Anybody else experiencing similar behavior?

Cheers,
André
 
recently very slow
winsorizedsigmaclipping 3min
linfitclip 22min
gESD 8min

We cannot reproduce this weird behavior on any platform. However, tomorrow I'll perform stress tests with synthetic data sets of 1000+ images to see if I can discover the cause of these problems, or at least try to reproduce them on some of our machines. I'll let you know what I find.
 
We cannot reproduce this weird behavior on any platform. However, tomorrow I'll perform stress tests with synthetic data sets of 1000+ images to see if I can discover the cause of these problems, or at least try to reproduce them on some of our machines. I'll let you know what I find.
Thanks for the help Juan! I have the same issue with drizzle integration - extremely slow. Just canceled DI of 30 subs after 2h. Switched to my Laptop (15W TDP) and it got it done in 10min on battery.
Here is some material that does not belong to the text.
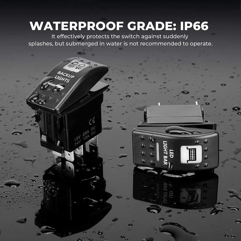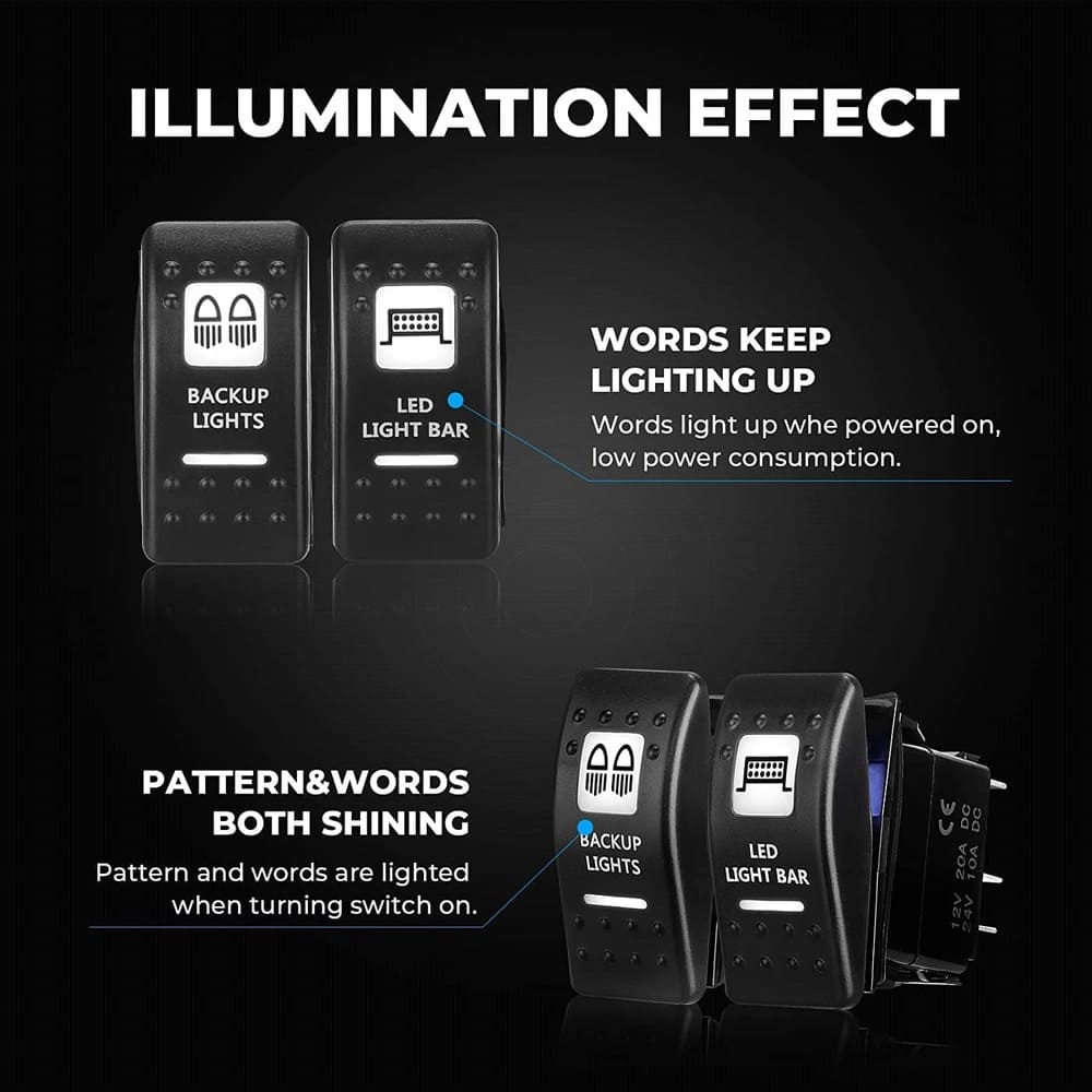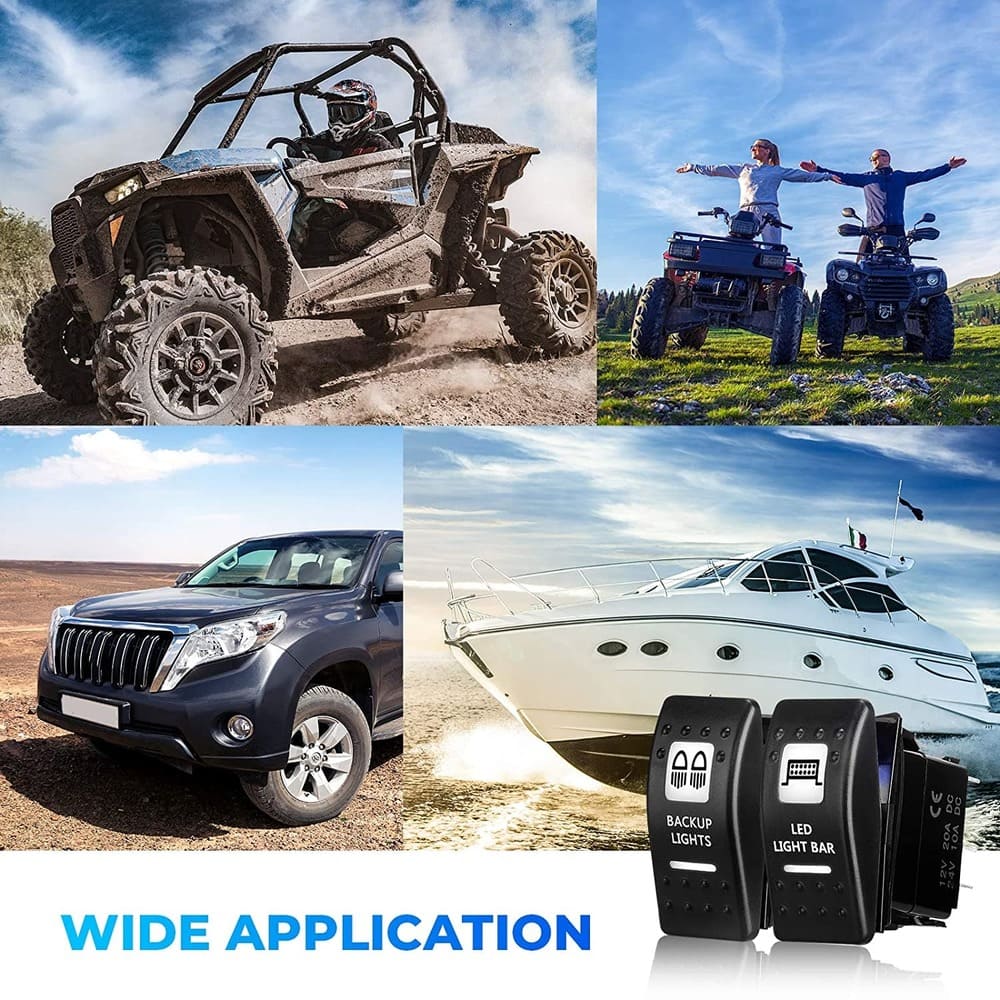 Easy Installtion: 5pin on-off toggle rocker switch is easy to install and easily turning on or off any led lights, a perfect replacement, and works great. Don't have to cut anything because the factory spots are just plugs. Just make sure your power cable is properly connected polarity wise. 5Pin ATV Rocker Switch is heavy duty with a smooth action.

Both machines run the latest version of PixInsight.
 
in general i wonder about high thread-count machines and (hardware) cache efficiency. i actually saw quite a slowdown when i went from an 6C/12T machine to a 16C/32T machine (intel.) the problem is most noticeable on tensorflow, however, i did recompile starnet to use fewer threads and didn't really see a huge change in performance so it could be a machine-specific problem.

rob
 
If it is machine specific it had to be introduced with a recent update of any kind. I'm only facing these issues for a few weeks maybe. Before these processes were running silky smooth on my 12C24T AMD machine.
 
I don't want to jump up and down too early, but I think I fixed it. Really everything I did was delete some old swap files that were still in one of the folders (guess they stayed after a PI crash a few weeks ago). I just integrated 145 subs with gESD and it took less than 5min. CPU was fully used again. Compared to before (same 30 subs) integration is around 10 times faster. Gonna test this further (drizzle next).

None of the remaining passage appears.